Top of Supplied information

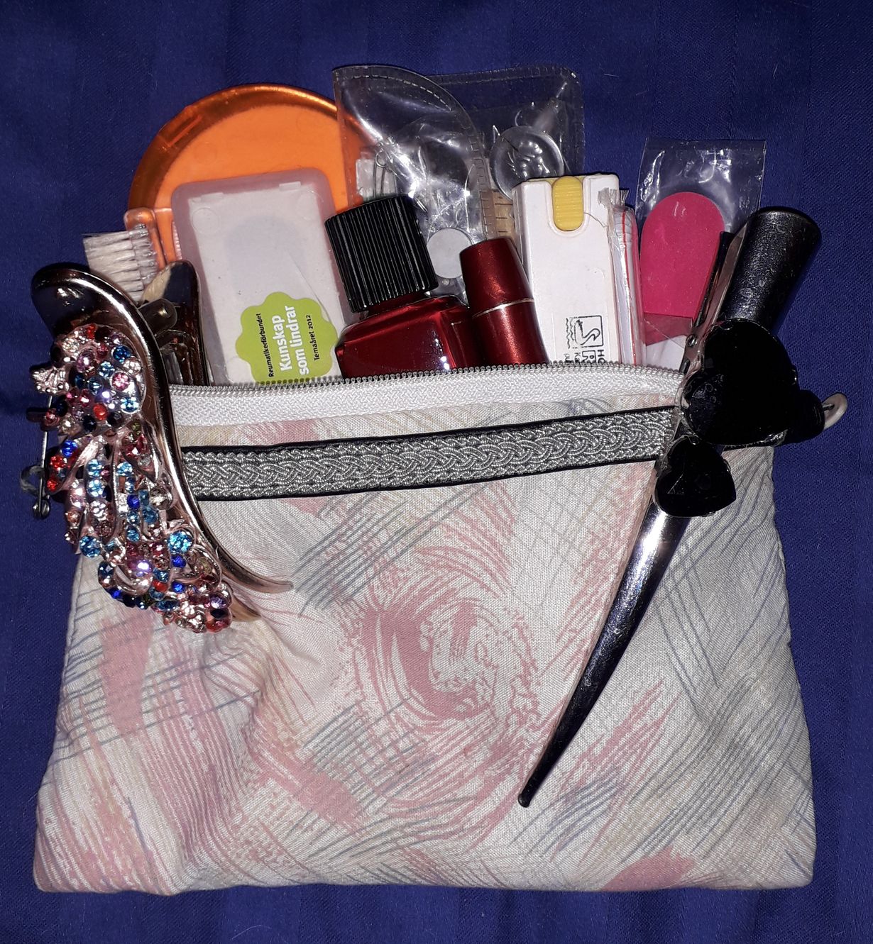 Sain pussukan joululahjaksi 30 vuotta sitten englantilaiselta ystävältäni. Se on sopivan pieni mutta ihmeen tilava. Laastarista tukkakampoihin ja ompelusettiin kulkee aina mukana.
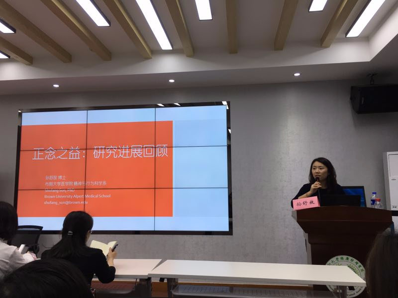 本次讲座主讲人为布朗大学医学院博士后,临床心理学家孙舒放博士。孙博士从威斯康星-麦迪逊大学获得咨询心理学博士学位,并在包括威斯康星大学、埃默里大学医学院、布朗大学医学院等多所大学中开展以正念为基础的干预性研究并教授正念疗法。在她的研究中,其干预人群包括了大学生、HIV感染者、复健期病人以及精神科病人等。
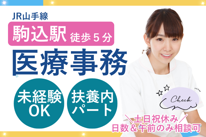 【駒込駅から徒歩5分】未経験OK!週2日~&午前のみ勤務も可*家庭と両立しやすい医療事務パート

Bottom of Supplied information

What to work on -> Omit the pictures and give the material again, exactly and in full.

Written solution ->
 Sain pussukan joululahjaksi 30 vuotta sitten englantilaiselta ystävältäni. Se on sopivan pieni mutta ihmeen tilava. Laastarista tukkakampoihin ja ompelusettiin kulkee aina mukana.
 本次讲座主讲人为布朗大学医学院博士后,临床心理学家孙舒放博士。孙博士从威斯康星-麦迪逊大学获得咨询心理学博士学位,并在包括威斯康星大学、埃默里大学医学院、布朗大学医学院等多所大学中开展以正念为基础的干预性研究并教授正念疗法。在她的研究中,其干预人群包括了大学生、HIV感染者、复健期病人以及精神科病人等。
 【駒込駅から徒歩5分】未経験OK!週2日~&午前のみ勤務も可*家庭と両立しやすい医療事務パート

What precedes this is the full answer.